Problem description
Within the records below, find the line with "Tysm《Normal No More》鼓谱 - 架子鼓谱" and the line with "Ce graphique représente", then reproduce exactly those two lines and all lines between them, without any picture.

Collection entries
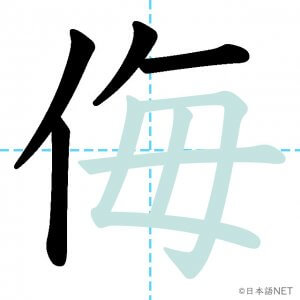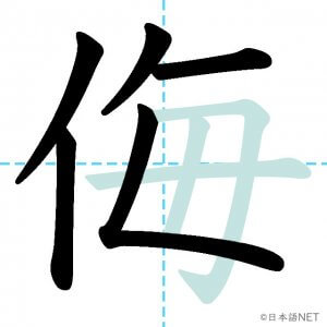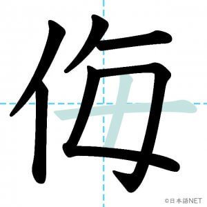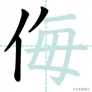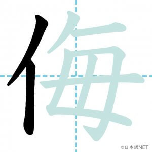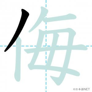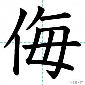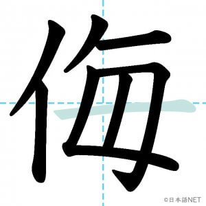 N1 漢字漢字【JLPT N1漢字】「侮」の意味・読み方・書き順 2021年6月16日 2021年6月16日 Facebook postはてブLINEPocketFeedlyfa-exclamation-triangle記事内に商品プロモーションが含まれる場合があります目次1 「侮」の漢字について2 「侮」の書き順3 「侮」を含む言葉4 関連書籍「侮」の漢字について読み方音読みぶ訓読みあなど-る意味to scorn / to insult / to despise / to make light of部首人(亻)画数8JLPTレベルN1 「侮」の書き順1画目2画目3画目4画目5画目6画目7画目8画目「侮」を含む言葉侮辱(ぶじょく)侮る(あなどる)関連書籍 日本語総まとめ N1 漢字 [英語・ベトナム語版] (「日本語能力試験」対策) Amazon 楽天市場 Yahooショッピング 新完全マスター漢字 日本語能力試験N1 Amazon 楽天市場 Yahooショッピング 日本語を学ぶ外国人のための これで覚える! 漢字字典2500ナツメ社 Amazon 楽天市場 Yahooショッピング Facebook postはてブLINEPocketFeedly
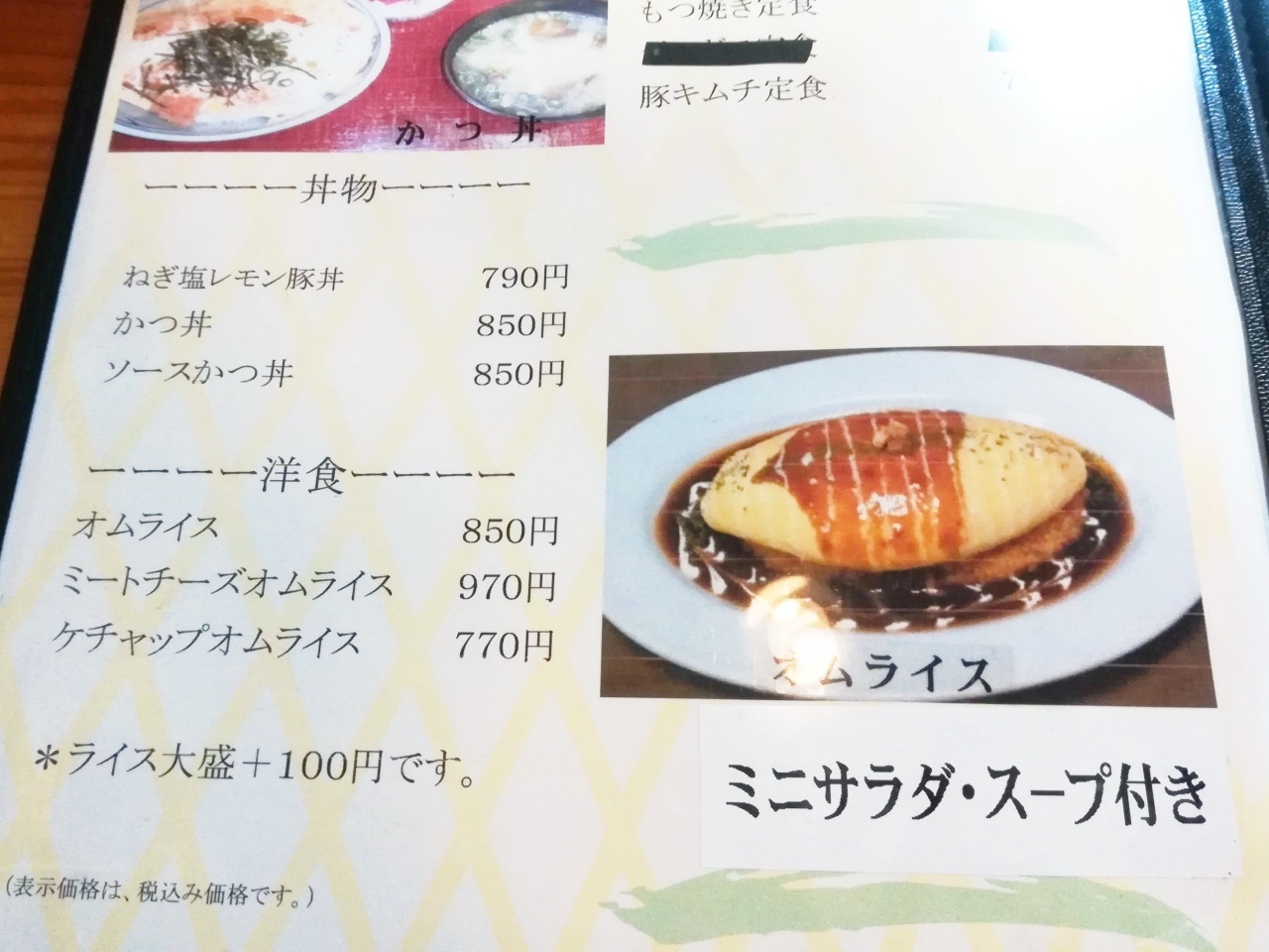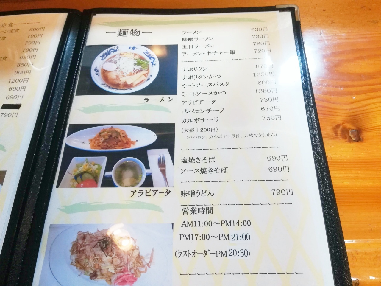 メニューも中華・洋食・和食・ラーメンと種類が豊富です。
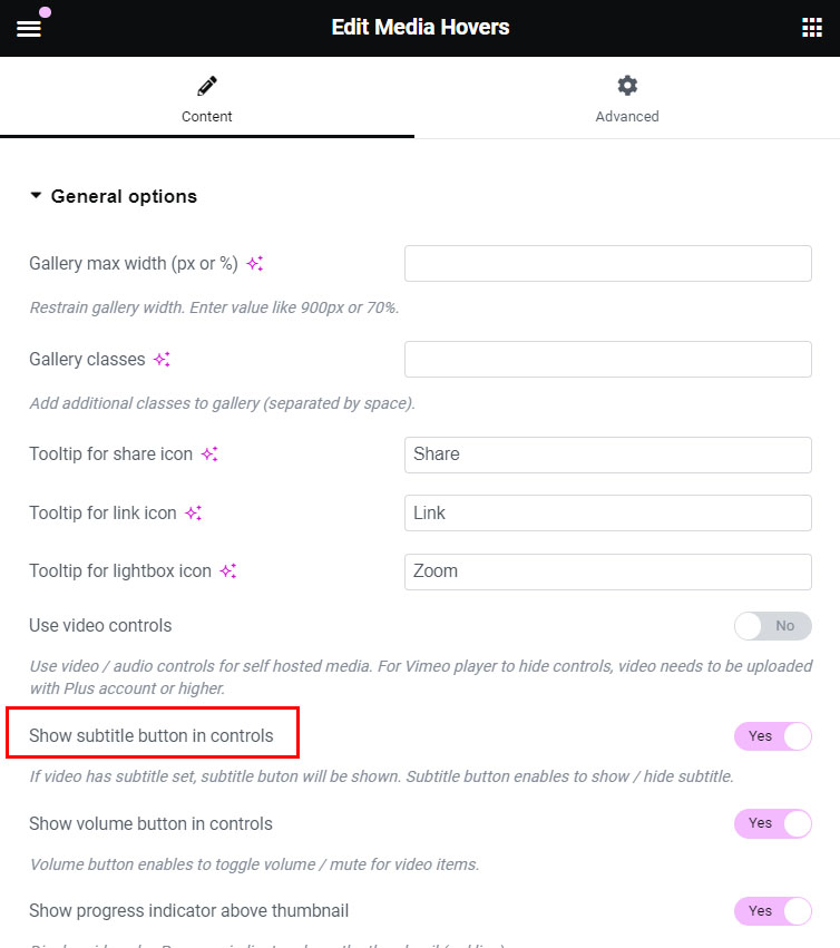 Add subtitle to item in Media tab, under Hover action, add or upload subtitle url:
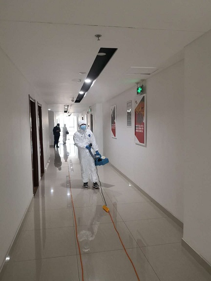 為進一步做好新型冠狀病毒感染的肺炎疫情防控工作,確保廣大職工身體健康,城發(fā)物業(yè)公司項目處邀請專業(yè)消殺隊伍采用無毒藥劑有效針對辦公樓內(nèi)食堂、電梯間、應急通道、走廊、衛(wèi)生間等公共區(qū)域進行全面消毒,確保公共區(qū)域衛(wèi)生安全。
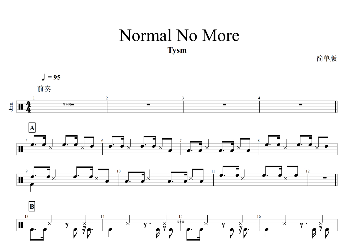 Tysm《Normal No More》鼓谱 - 架子鼓谱
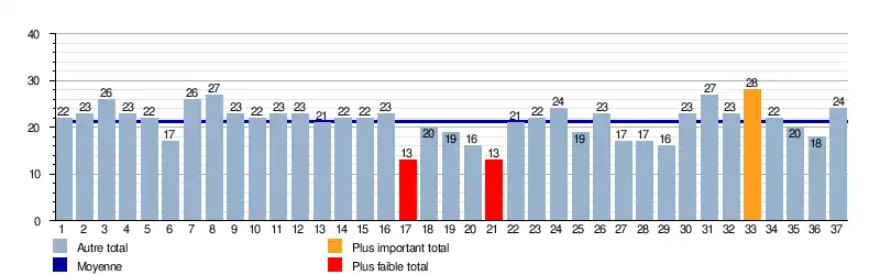 Ce graphique représente le nombre de buts marqués (790 au total cette saison) lors de chaque journée. Il est également indiqué la moyenne totale sur la saison, qui est de 21,35 buts par journée, soit 2,67 par match. Elle est en très légère hausse par rapport à la saison précédente.
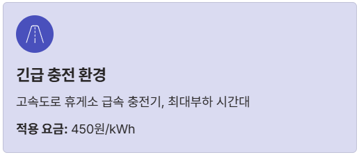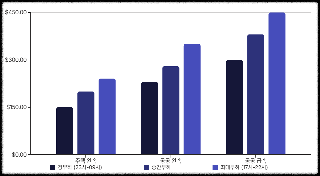 | 공공 급속 | 300원/kWh 내외 | 380원/kWh 내외 | 450원/kWh 내외 |
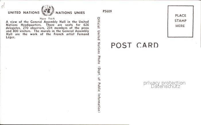 71964717 New York City United Nations General Assembly Hall postalisch nicht gelaufen Erhaltung siehe scans KatCode: 14140340000000
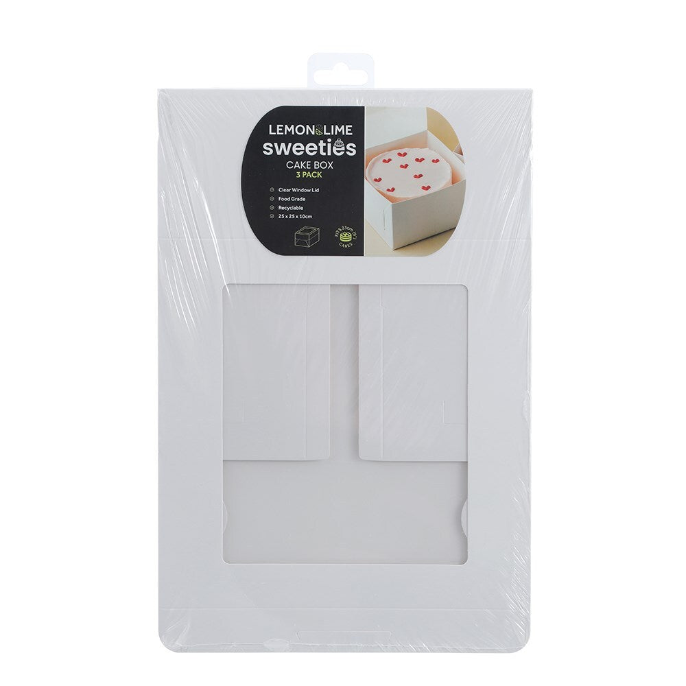 3PK Lemon & Lime Sweeties 25x10cm Cake Box - White
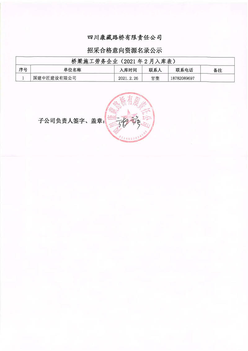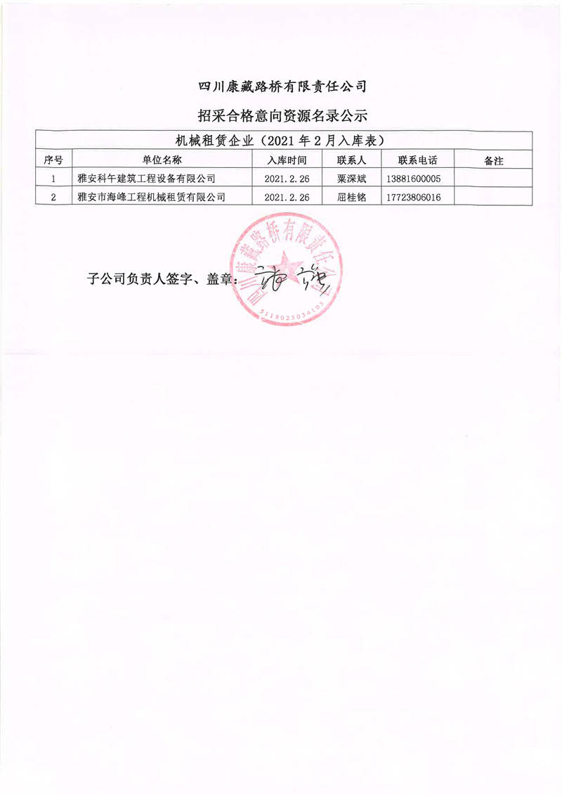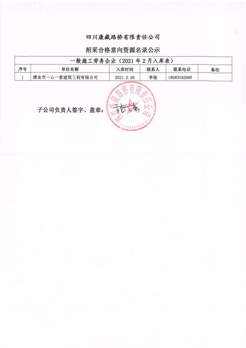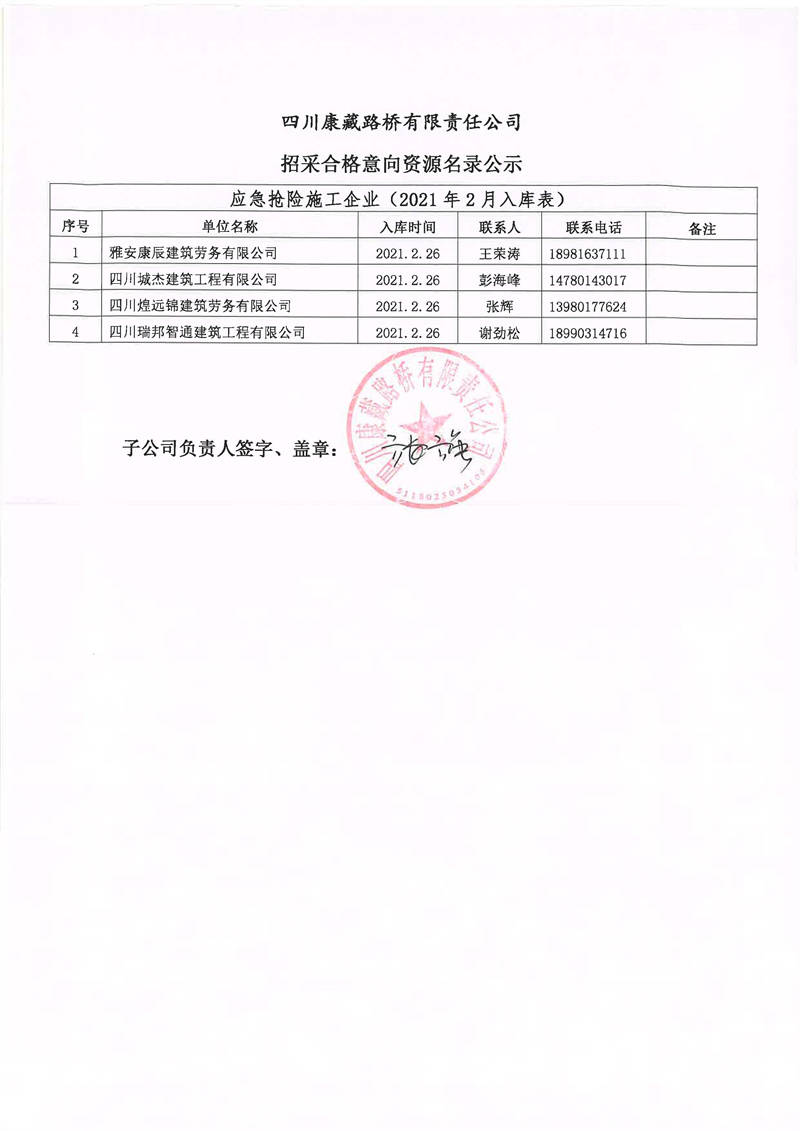 四川康藏路橋有限責任公司招采合格意向資源名錄補錄公示

Output below
 Tysm《Normal No More》鼓谱 - 架子鼓谱
 Ce graphique représente le nombre de buts marqués (790 au total cette saison) lors de chaque journée. Il est également indiqué la moyenne totale sur la saison, qui est de 21,35 buts par journée, soit 2,67 par match. Elle est en très légère hausse par rapport à la saison précédente.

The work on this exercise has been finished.